Надя Огарышева, повернувшись к Рите, показала ей большой палец.
– Итак, – Илья Семенович повысил голос, требуя тишины, – был задан вопрос: какой смысл в поступке Шмидта, за что он погиб…
– Да ясно за что! – нетерпеливо перебил Михейцев. – Без таких людей революции не было бы…
Положив руку на плечо Михейцева, тем самым укрощая его и одобряя, Мельников продолжал:
– Он сам объяснил это в своем последнем слове на военном суде. Так объяснил, что даже его конвоиры, эти два вооруженных истукана, ощутили себя людьми и отставили винтовки в сторону…
Он достал из портфеля книгу – она называлась «Подсудимые обвиняют» – и, листая ее в поисках нужной страницы, снова проговорил задумчиво:
– Пятнадцать строчек…
Он ничего не успел прочитать: широко распахнулась дверь класса – на пороге стоял директор.
– Разрешите, Илья Семенович?
Илья Семенович пожал плечами, словно говорил: а как я могу не разрешить?
Николай Борисович вошел не один. С ним была Светлана Михайловна, на лбу у нее по-прежнему оставался черный след копоти, особенно заметный от пугающей бледности ее лица.
– Извините за вторжение. А почему вы, собственно, не встали? – спросил он у класса.
Поспешно захлопали крышки парт, ребята поднялись. Их слишком резко переключили с тех, «шмидтовских», впечатлений на эти, новые, и рефлекс школьной вежливости не сработал…
– Садитесь. Произошла вещь, из ряда вон выходящая. Вчера вечером кто-то вошел в учительскую, вытащил из шкафа сочинения вашего класса и сжег их.
Девятый «В» тихонько ахнул.
– Да-да, – продолжал Николай Борисович, – сжег! И оставил на месте своего преступления – я говорю это слово вполне серьезно, в буквальном смысле! – оставил там вот это объяснение. Дерзкое по форме и невразумительное по существу.
Листок он передал Мельникову. Илья Семенович отошел с ним к окну и стал читать.
– Я не буду говорить о том, какую жестокую, какую бесчеловечную обиду нанес этот… субъект Светлане Михайловне. Не буду также говорить и об идейной подкладке этого безобразия. Меня интересует сейчас одно: кто это сделал? Надеюсь, мне не придется унижать вас и себя такими мерами, как сличение почерков и так далее…
– Не придется! – вспыхнул Генка и встал.
– Ты, Шестопал?
– Я.
– Пойдем со мной.
– С вещами? – мрачно сострил Генка, но никто не засмеялся.
– Да-да, забирай все. – Николай Борисович протянул руку за листком к Мельникову.
– Ознакомился?
Не ответив, Илья Семенович вернул ему эту бумагу. Мертвая тишина в классе.
Скорбным изваянием стоит в дверях Светлана Михайловна, так и не проронившая ни слова.
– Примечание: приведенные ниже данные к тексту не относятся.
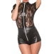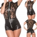 Fashion Mock Neck Short Sleeve Front Zipper Lace Spliced Artificial Leather Lingerie Bodysuit

Генка собирал свои пожитки.
Вдруг Николай Борисович увидел Наташу.
– А вы, Наталья Сергеевна, каким образом здесь?
– Мне разрешил Илья Семенович…
– Ах, так! Ну-ну.
Ни на кого не глядя, Генка пошел с портфелем к двери.
Директор вышел за ним.
Еще раз оглядев класс и кивая каким-то своим мыслям, последней ушла Светлана Михайловна с полосой копоти на лбу, напоминающей пороховую метку боя…
Мельников, кажется, совсем забыл, что у него идет урок, что вопрошающе смотрят на него ребята и Наташа, не слышит он, как нарастает в классе гул; медленно сбрасывая оцепенение, 9-й «В» уже пытался вслух осмыслить новое ЧП.
– О чем я говорил? – спрашивает наконец Мельников с усилием.
– Про пятнадцать строчек, что это немало, – подсказала Рита.
– Да-да.
Он взял со стола книгу, но глядел поверх ее, медлил… И вдруг, решив что-то, порывисто вышел из класса…
Все замерло, а потом загудело тревожно:
– Он к директору пошел, да? Наталья Сергеевна?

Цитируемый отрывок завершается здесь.